Sorry for ruining peace of this community, but I don't know where to ask or where to search, I hope you can help. Knowing how friendly this community I already expect kind of answers, but I hope at least somebody can hint me something.

 

If you're sensitive to theme of suicide - leave topic right now.

 

  Hide contents

I want to kill myself. I tried to make rope tight on my neck using bare hands but it doesn't do anything and rope started to tear earlier than I felt anything good. I want to hang myself like usually it's done, but I afraid of incoming pain, my old and bad fear. How I can overcome? Or maybe there easier way, I heard that alcohol combined with medical drugs can do things. I have easy access to alcohol, I have money for it, but then it would be nice to know which kind of pill I should take to make death 100% possible. We have small storage of various medical stuff, maybe there I can find something.

I tried to hang myself slightly, and I can feel it will be painful, but at least it will work for sure. I couldn't breathe and I think I even felt how my brain wasn't getting oxygen. Maybe alcohol itself will be enough to not feel much of pain? I know I want to die, but idea of pain turns me into wussy.

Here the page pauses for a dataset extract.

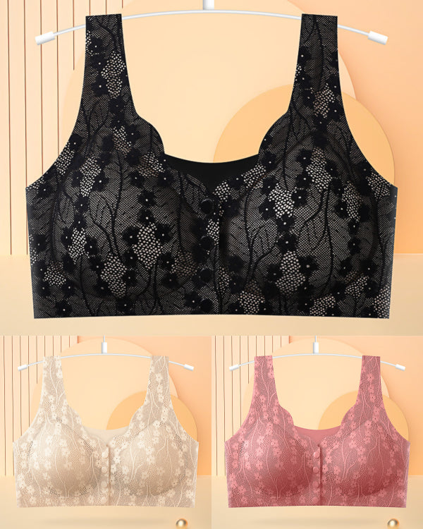 😍😍 【Kup 3 sztuki, 3 sztuki otrzymasz gratis】 【40-100KG】Damski, bezprzewodowy, koronkowy biustonosz zapinany z przodu,Ostatni dzień-4113223

My house also doesn't has many things which I can use to hang to. There's one great stick between walls, but it's thin and I afraid my weight will break it. There's small forest and abandoned building nearby, there can be stuff, but bringing chair to them can raise some questions from people, it's daylight, and abandoned building as I saw doesn't has many furniture left.

 

 

First and foremost, bob, feel free to contact me in DMs and via mail, as by your preference - if you'd prefer that.

 

Secondly, you're not disturbing the peace of the community. I'm going to risk speaking for people I shouldn't be speaking for, but my sense of the DOOM community is that throughout its 30 years of pulse, it's seen the best we can be and the worst we can be. I urge you not to feel as if you're intruding, if anyone raises that point, the error's with them in my opinion, not yourself.

 

Okay, fairly, I'm extremely sensitive to the topic of suicide. That's why I'm here. I've history with attempts, my current spouse too in a fashion, and moreover, I've lost a previous spouse (whom I'd come to dearly love back then) to suicide.

 

Here's two things I managed to assemble for myself, after years of addiction, depression, and uninhibited nihilism. First is that in face of seemingly unbearable pain, the body reacts with anything drastic it can conjure up - the more drastic the more attractive. It is nothing but a gut reaction, a momentary feeling, a fleeting whim, that will pass. Yes, the depression may persist, the sense of pointlessness might remain, but believe me when I say that the palpable impulses can only live for so long. They burn fast and bright, but run out of fuel fittingly fast.

Personally a few distractions turned out to be fruitful whenever the urge swept over me; working out (heavily, angsty, using your anger Palpatine-style), eating, playing DOOM (100% serious) or another of my gaming obsessions, drawing, writing... Anything that has an outward outlet that you can channel yourself into helps. Hell, yesterday I was about to go to a really dark place, and I planned the most sadistic map in DOOM I could conjure up, and I've yet to finish a single map. Just to get myself out of myself. It's as much a physical thing as a psychological, in my experience.

 

Secondly. When I break it down turbo-rationally (as I'm wont to do when I don't double-check myself) - if I decide to upend my run now, I'll never now how far I could get. I'd never know the joy and happiness I could find. I would only now that I ended on a sour note. And I only know that I have this shot, afterlife or not, we can only guess or believe. This attempt we know we have.

 

It took me a long while of introspection to get here, and I had to really listen to how my personality works, because often I will end up in a miserable hole without being able to trace it. But I have practiced patience with myself enough to know that the answers come afterward. I just need to ride/divert the moment.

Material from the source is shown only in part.